TOO MUCH OF A GOOD THING? Transparency in government has been bobbing around in the nation’s capital, in statehouses and in city halls for some time now as a political virtue. I’ve been for it all along. Our leaders should explain in detail how and why they spend taxpayer dollars.
But the case of Sunland Park, New Mexico, mayor and congressional candidate Martín Reséndiz gives me pause. As mayor, he’s being sued for payment on a $1 million contract he signed with a California architectural design firm.
The contract should be voided, Reséndiz explains in a deposition presented to the court.

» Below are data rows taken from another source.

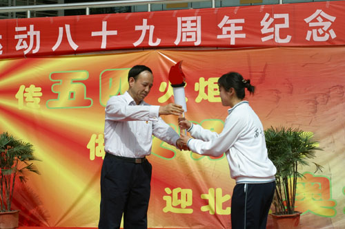 大会最后一项是师生共传五四文明之火,当党委书记赛云秀高高举起由同学们自制的象征文明之火的火炬时,会场响起了热烈的掌声。火炬在师生中传递,每到一处,都引起同学的阵阵欢呼。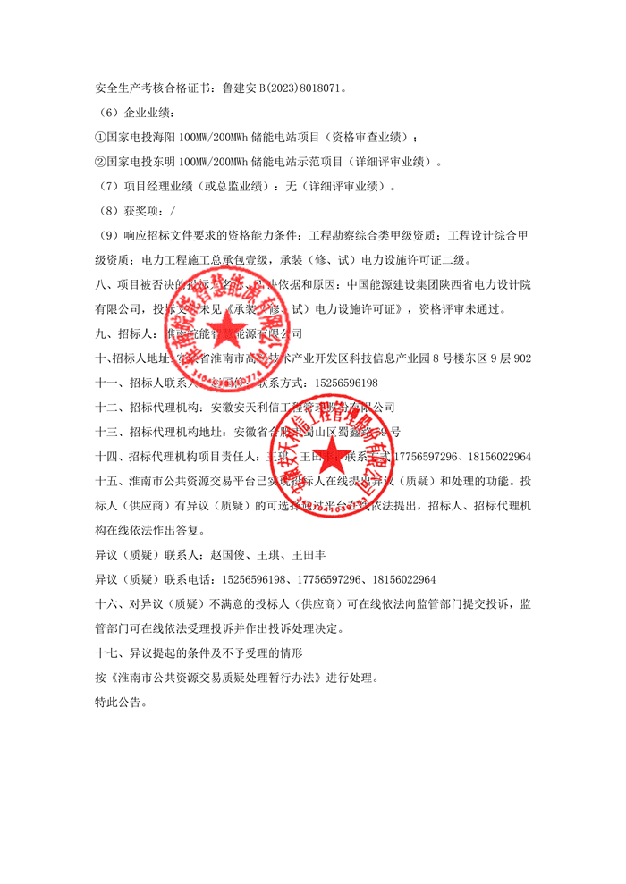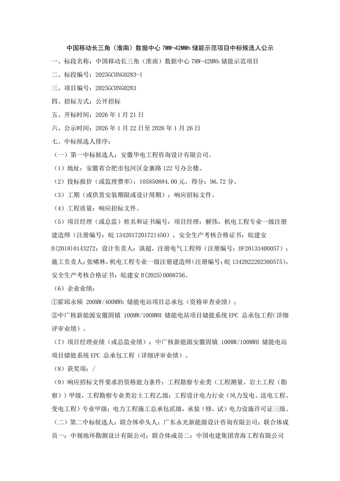 储能中国网获悉,1月22日,中国移动长三角(淮南)数据中心7MW-42MWh储能示范项目中标候选人公示。安徽华电工程咨询设计有限公司以投标报价1.0585亿元(折合单价约2.5203元/Wh)预中标。 中标候选人情况见下: 第一中标候选人:安徽华电工程咨询设计有限公司,投标报价105850884.00元,折合单价约2.5203元/Wh; 第二中标候选人:联合体牵头人:广东永光新能源设计咨询有限公司;联合体成员一:中规地环勘测设计有限公司;联合体成员二:中国电建集团青海工程有限公司,投标报价97502864.00元,折合单价约2.3215元/Wh; 第三中标候选人:山东电力工程咨询院有限公司,投标报价105362431.00元,折合单价约2.5086元/Wh。 根据招标公告,中国移动长三角(淮南)数据中心7MW-42MWh储能示范项目招标人为淮南皖能智慧能源有限公司,招标范围为主要工作内容(包括但不限于):7MW-42MWh全钒液流电池储能系统及场区场平(包含约4000平方储能应用场地及2000平方预留场地)、生产区、进站道路开口等设计,设备和材料采购、施工安装、整体系统调试、监控设备调试(满足皖能集团对场站监控的相关要求)、涉并网试验、消防验收、启动验收、并网、移交、外部协调、培训等。 本次项目招标合同估算价:107615379元,计划工期150日历天,从发包人发出书面通知之日起算。 中标候选人公示原文如下: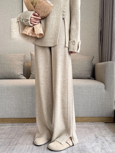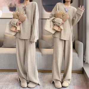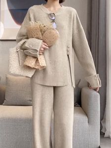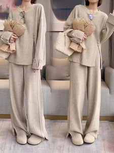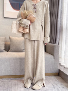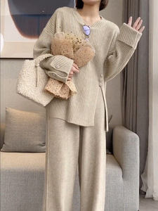 御姐慵懒风燕麦色女装毛衣针织衫秋冬季套装阔腿休闲裤减龄两件套
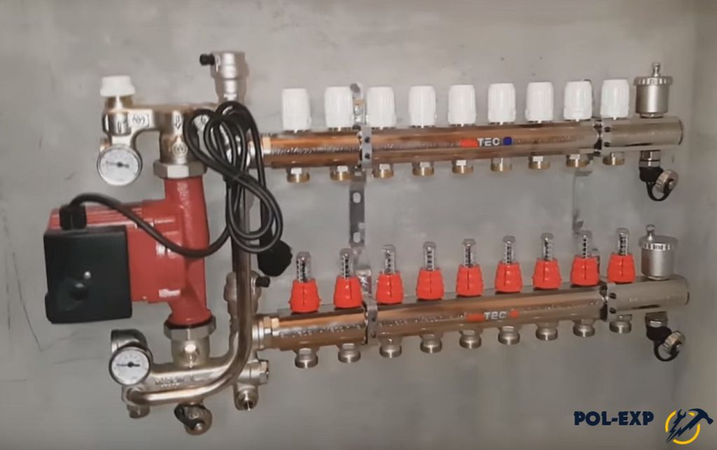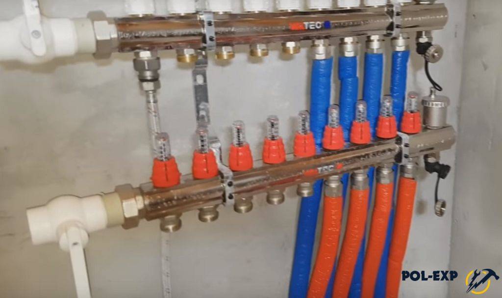 Шаг 5. Производится установка коллектора, к которому будут подключаться трубы водяного пола. Коллекторы монтируются на стену.

It contends he was drunk when he signed it. “I had way too much to drink and I didn’t know what I was signing,” he says. Legally, that’s a defense that can stand up.
If, for some unsurprising reason, his deposition flowers into a congressional campaign issue, apparently Reséndiz has his sister lined up as a character witness.
One of my sources, the Albuquerque Journal, didn’t state specifically whether the mayor was, as the saying goes. ”a fallingdown drunk,” but it did include his recollection, “My sister had to pick me up.” Am I misreading that last line?
SPIDER-MAN CHANGES COLOR: The word is out. RIP Peter Parker, aka Spider-Man, the Marvel comic-book hero who first appeared in 1962, is about to be killed by the Green Goblin.
Bienvenido, Miles Morales. The “fresh and new and vital” (and demographically in sync) replacement set to emerge as the webspinning crime-fighter’s modern incarnation is Morales. He will be introduced as “a half-black, half-Hispanic American teenager.”